Herpich is, once again, more interested in artistic success than in artistic failure, but at the same time she depicts artmaking as a continued, layered encounter between an artist and his or her work. While the artwork does provide a natural focal point, Herpich, instead of celebrating it as a singular outburst of creativity, positions it as the result of a series of distinct, meaningful actions. The process-like, artisanal character of art is especially evident in David, because its protagonist, an Israeli emigre living in Berlin, works not only as a sculptor, but also as a shoemaker.
Herpich's cinema changes and evolves with its subjects.

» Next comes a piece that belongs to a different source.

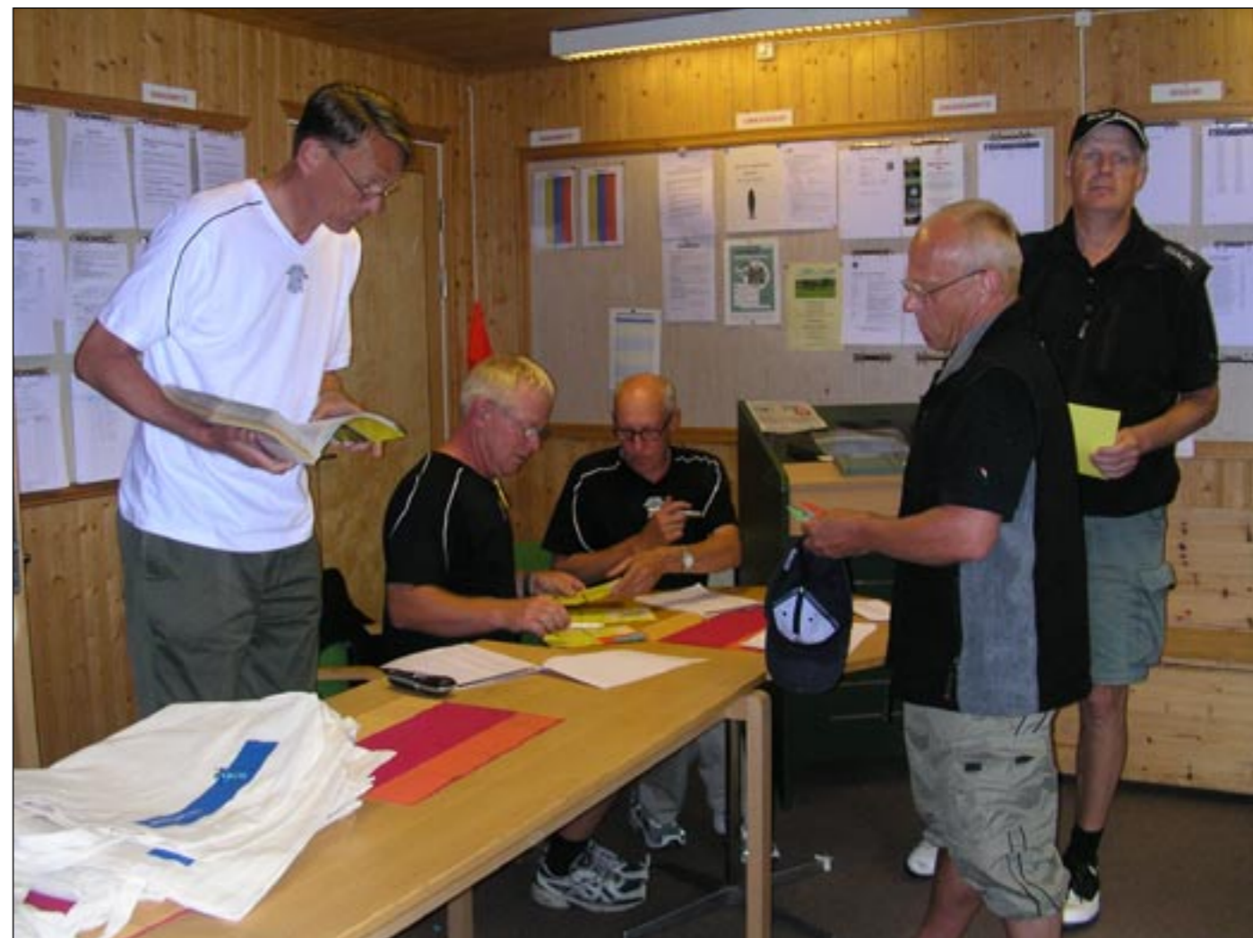
Här, i anslutning till kansliet, kommer en ny reception att byggas under sommaren. Där kommer man också kunna betala greenfee med kreditkort.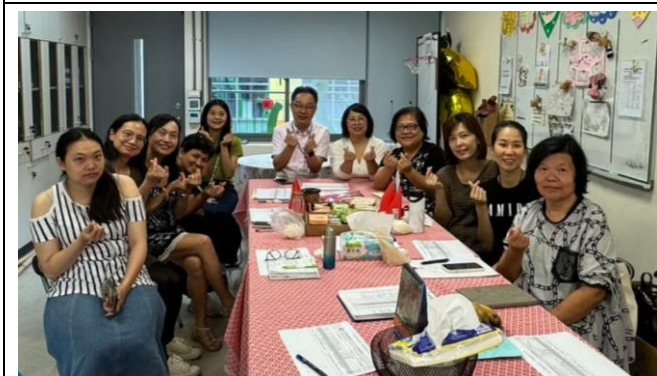
晨輔志工為孩子進行學習輔導。

Artistic practice demands another kind of gaze, no longer purely observational, more analytical, condensed. The mise en scène separates the artist from his or her hands, the montage subordinates real time to the temporal structure of the artwork. Herpich herself becomes more active, too: While she never steps in front of the camera, in her more recent films she is sometimes heard asking questions, or making conversation. In other words: the process aspects of artmaking are mirrored as filmic form.
Art Comes From the Beak the Way It Has Grown features many artworks in many different stages of creation, from first sketches to full-blown, sprawling works that sometimes, especially in the case of Adolf Beutler, Mosaik's most famous artist, can no longer be contained by a single canvas and start to invade surrounding areas. A centrifugal force that is, once again, picked up by Herpich's film. The focus on an institution rather than on an individual artist allows her to draw wider and wider circles: from the lonely encounter of a painter and his or her canvas to the daily routines at Mosaik to Mosaik's integration into the art market (but also to the tragic biography of Beutler, who, after miraculously having been saved from the Nazi death camps, spent several decades locked away in psychiatric wards).
One of the most fascinating aspects of Art Comes From the Beak the Way It Has Grown is that the film manages to emphasize both the world-bound and the autonomous aspect of art. The painters and sculptors at Mosaik aren't well-versed (or interested) in the jargon governing the discourse around most forms of contemporary artistic practices. Observing how they relate to their own work provides no easy point of entry and feels more like listening in to a private conversation. The most mysterious among the artworks shown in the film is a cardboard assemblage made by Suzy von Zehlendorf with the working title "Befreiung der Skulpturen" (freeing of the sculptures), referring to the classical art exhibited (or hold captive?) at Bode-Museum, one of the most prestigious art spaces in Berlin. The creator of "Befreiung der Skulpturen" doesn't like Bode-Museum. In fact, she hates it so much that she cannot stand the sight of her own recreation of it. Even while working on it, she keeps the work partly hidden behind rags, blankets and barbed wire. An impossible artwork, never to be truly finished, existing only in the never ending attempts to overcome it.